Crossing Streets – The streets in Taiwan, much like DC, have countdown timers and little green man icons when it is “safe” to cross. The difference is that in Taipei, the little green man walks. He walks really slowly when you have lots of time, but by the last five seconds, he is hauling little green pixilated ass. It cracked me up to no end.
National Palace Museum – So when Chiang Kai-shek was fleeing the advancing communists, he and his merry band of followers stopped by the palace museum in Beijing and took everything they could carry off. Turned out to be a pretty good plan from the antiquities perspective – that whole Cultural Revolution thing and all. China now intermittently asks to have their art back – to which Taiwan responds with universal snotty sibling tone of voice – “you broke yours.” The collection is impressive. Though I find it a little difficult to get all hot and bothered about plates, no matter how fine the porcelain, the miniature carvings and the silk painting were worth it.

(4) Asparagus Juice – They have 7-11s in Taiwan just like back on LI. The selection is a little more varied and exotic (Taipei teenagers can even talk bums into buying them scotch…). And I like to try new things. So I bought the asparagus juice. Maybe it was the packaging (what is up with that white chick on the side panel?). Maybe it was the appeal of the unknown. It was definitely the stupid god damned thing I have done in a long time. ~bleck~ Not recommended.

(5) The food – I love the Chinese. These crazy bastards will eat absolutely anything – preferably barbequed on little sticks. I had dinner at the local street market. I sampled the local specialty – beef with noodles – which was good and filling – but nothing to write home about. (That statement is completely contradicted by the fact that I am currently doing that, but on with the tale…) I walked up and down the street – surveying all manner of plants, animal and indeterminate life on display. What did I want to eat? Sweetened intestine? Weird colored snails? Something that might be a fruit or maybe a crab? I settled on a raw clam omelet served over wilted spinach with sweet chili sauce. Though admittedly it pushed the outer limit of my chopstick eating abilities – I definitely got my $2 worth. It was fantastic. And I totally beat the house on this one. I didn’t get food poisoning. Not a single cramp.

Next day it was on to Bali with my boss. She had never been to Bali before, so we did some of the things that I did on the last trip. We went to a cliff temple, saw the monkeys (which I definitely eyed a little warily after that incident last time with shopping bag – if one of those bastards went after my new camera, we was going to be a sorry little monkey), saw the dance show, went to a spiffy dinner. Next day it was back on the plane and on to Dili.

And that is that. I am back working in the office in Dili. I likely won’t be doing anything fun for awhile, we are running a training all next week. I will try to get somewhere fun on Sunday, but I have a workshop to give on Monday so it might just have to be the office…

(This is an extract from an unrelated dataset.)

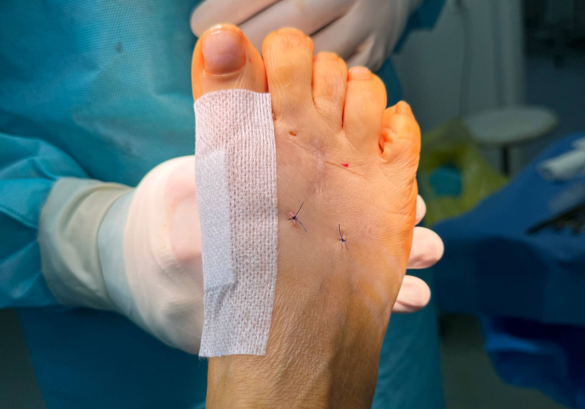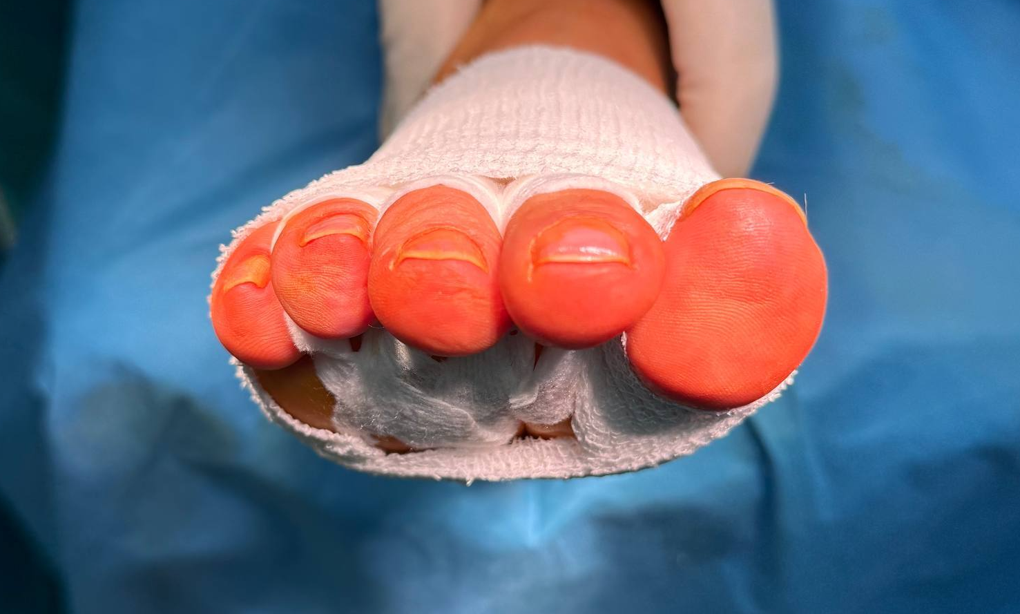 Внешний вид стопы. Зашитые раны соответствуют уровням остеотомии 2 и 4 плюсневых костей. Проколы соответствуют уровню тенотомии: важно выполнять на уровне плюсне-фалангового сустава, т.к. там находится капюшон разгибателя.
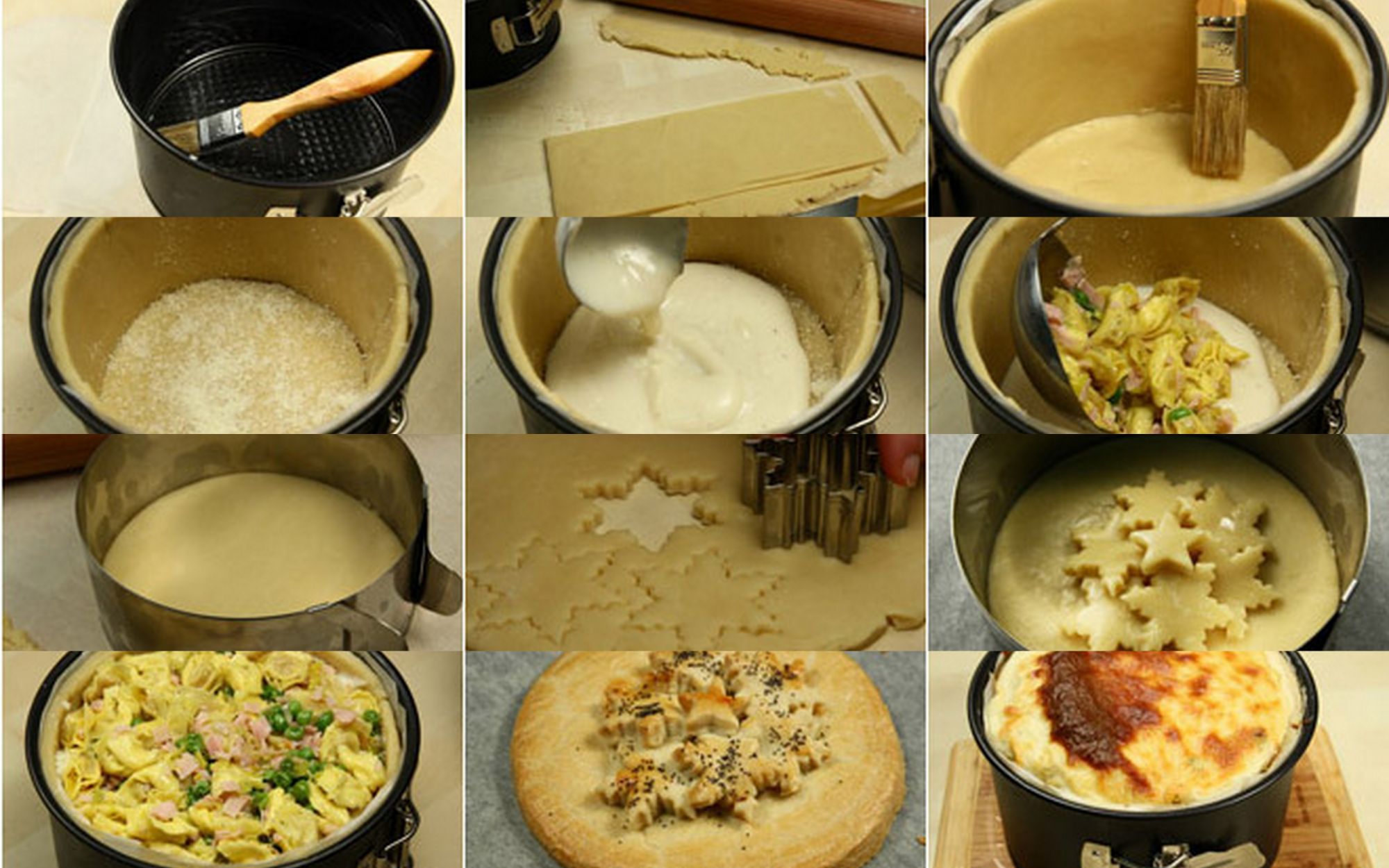 Spennellarlo con un uovo e dalla brisè avanzata ricavare delle formine con dei tagliabiscotti e disponerle sul disco che servirà da "coperchio" superiore.

Final note: You will notice as of this week that there are ads on my blog. They are currently just on the bottom but will soon be expanding to other places as soon as I figure out this HTML stuff. Yes, I do get paid if you click on them, even if you don’t buy anything. No, you are not in any way obligated to do that. All proceeds from advertising will be used to do insanely dangerous and expensive things that I will later write about on the blog. So there is something in it for you too. And to make up for my blatant step into commercialism, I added more pictures this time.